■ What is needed ■
From the line containing "Сетевой фильтр PILOT" to the final line of the entries, copy each line exactly. Pictures stay out.

Data excerpts:
---+---

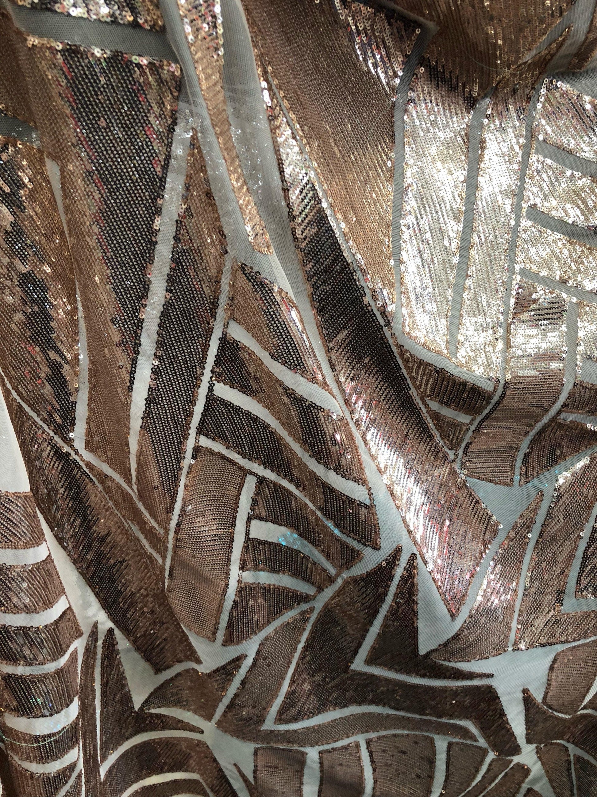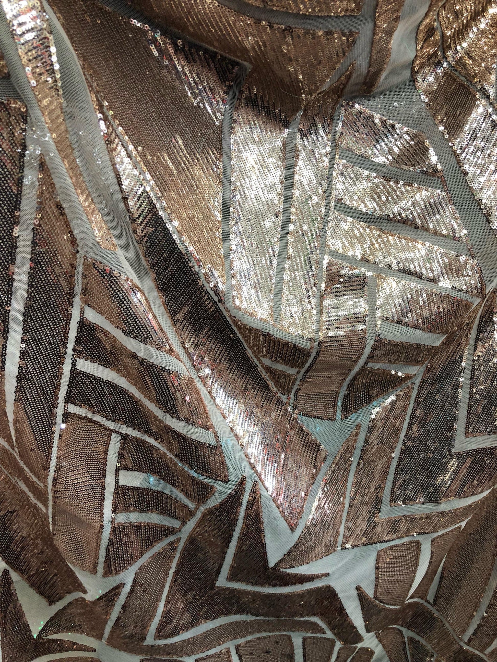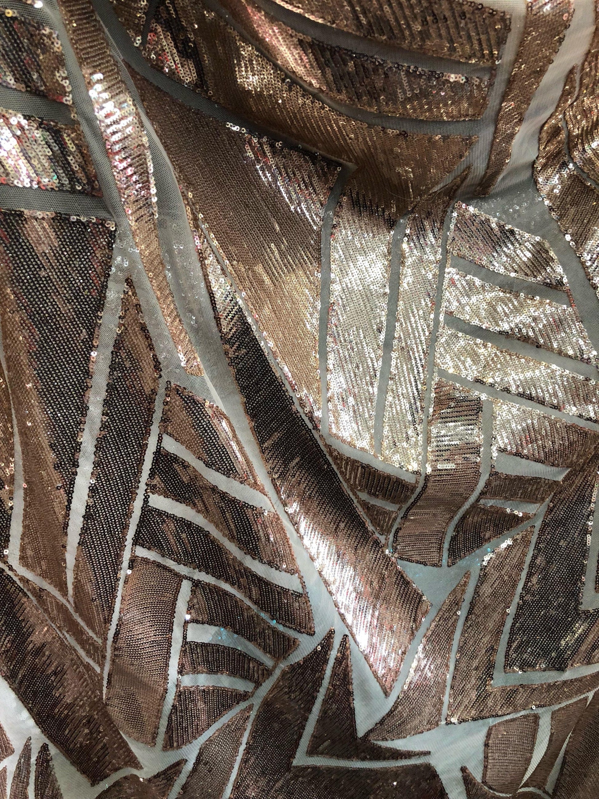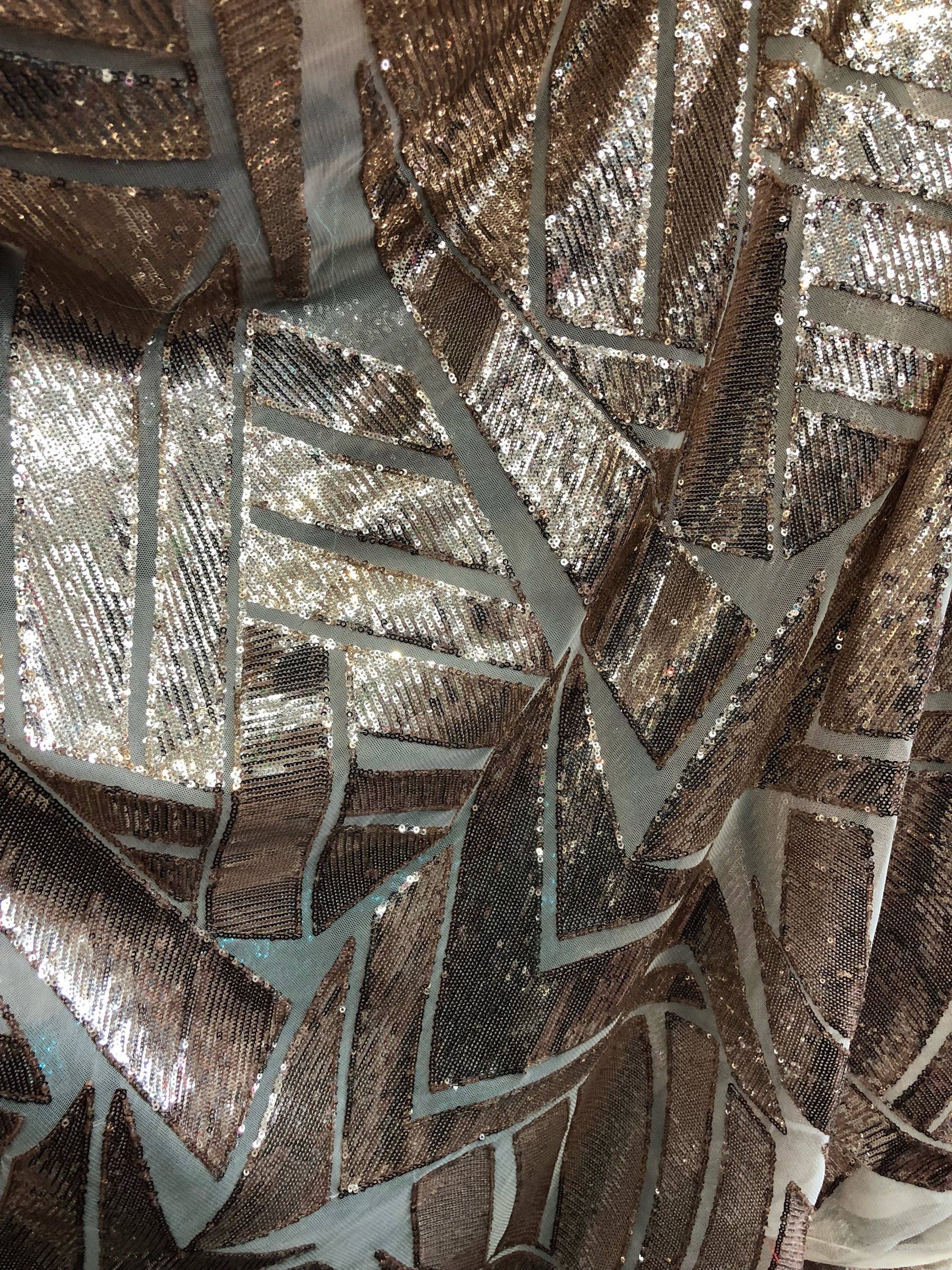 New sequins geometric design on stretch mesh 2 way stretch 58/60" Sold by the YD. Ships worldwide from Los Angeles California USA
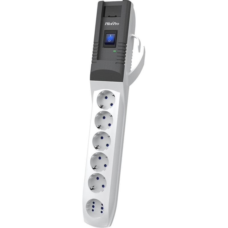 Сетевой фильтр PILOT PRO USB (6р/7м/10А/USB/серый) v23
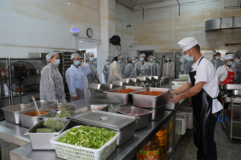 活动中,学校相关负责人从食材采购溯源、仓储管理、清洗消毒、加工制作、饭菜留样到窗口服务等各个环节,向与会代表们详细介绍食堂的整体运营情况,重点展示学校在落实食品安全主体责任、严格执行“明厨亮灶”要求、健全常态化自查机制等方面所采取的具体措施。
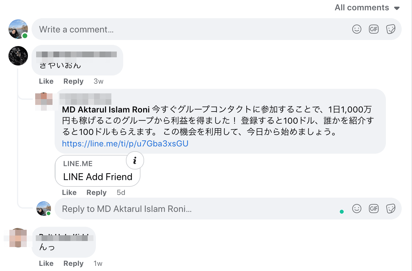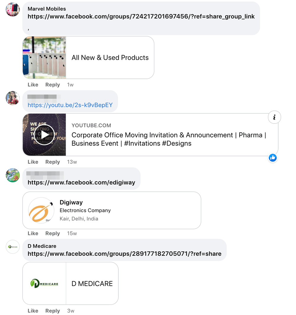 ・スパム - ウィルス性のあるサイトにユーザーを送り込む可能性のあるリンクの付いたFacebookのコメントです。 ・プロモーション - 広告の投稿で、自分のウェブサイトや商品、YouTube動画を宣伝しようとしているユーザーのコメント。
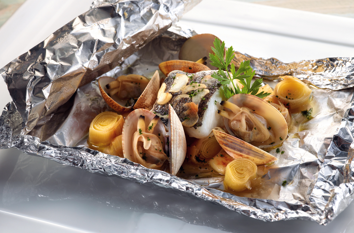 Se coloca en el papel de aluminio y, sobre él, el pescado y las almejas.
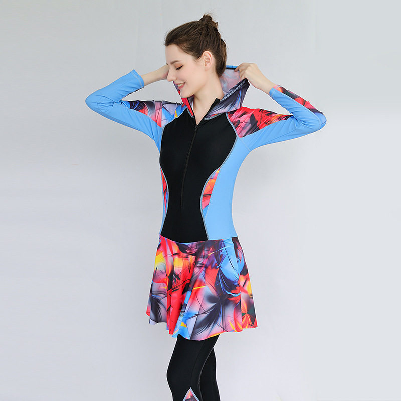 全身防晒泳衣女保守裙式连体连帽大码长袖长裤显瘦遮肚温泉潜水服

---+---

■ Solution ■
 Сетевой фильтр PILOT PRO USB (6р/7м/10А/USB/серый) v23
 活动中,学校相关负责人从食材采购溯源、仓储管理、清洗消毒、加工制作、饭菜留样到窗口服务等各个环节,向与会代表们详细介绍食堂的整体运营情况,重点展示学校在落实食品安全主体责任、严格执行“明厨亮灶”要求、健全常态化自查机制等方面所采取的具体措施。
 ・スパム - ウィルス性のあるサイトにユーザーを送り込む可能性のあるリンクの付いたFacebookのコメントです。 ・プロモーション - 広告の投稿で、自分のウェブサイトや商品、YouTube動画を宣伝しようとしているユーザーのコメント。
 Se coloca en el papel de aluminio y, sobre él, el pescado y las almejas.
 全身防晒泳衣女保守裙式连体连帽大码长袖长裤显瘦遮肚温泉潜水服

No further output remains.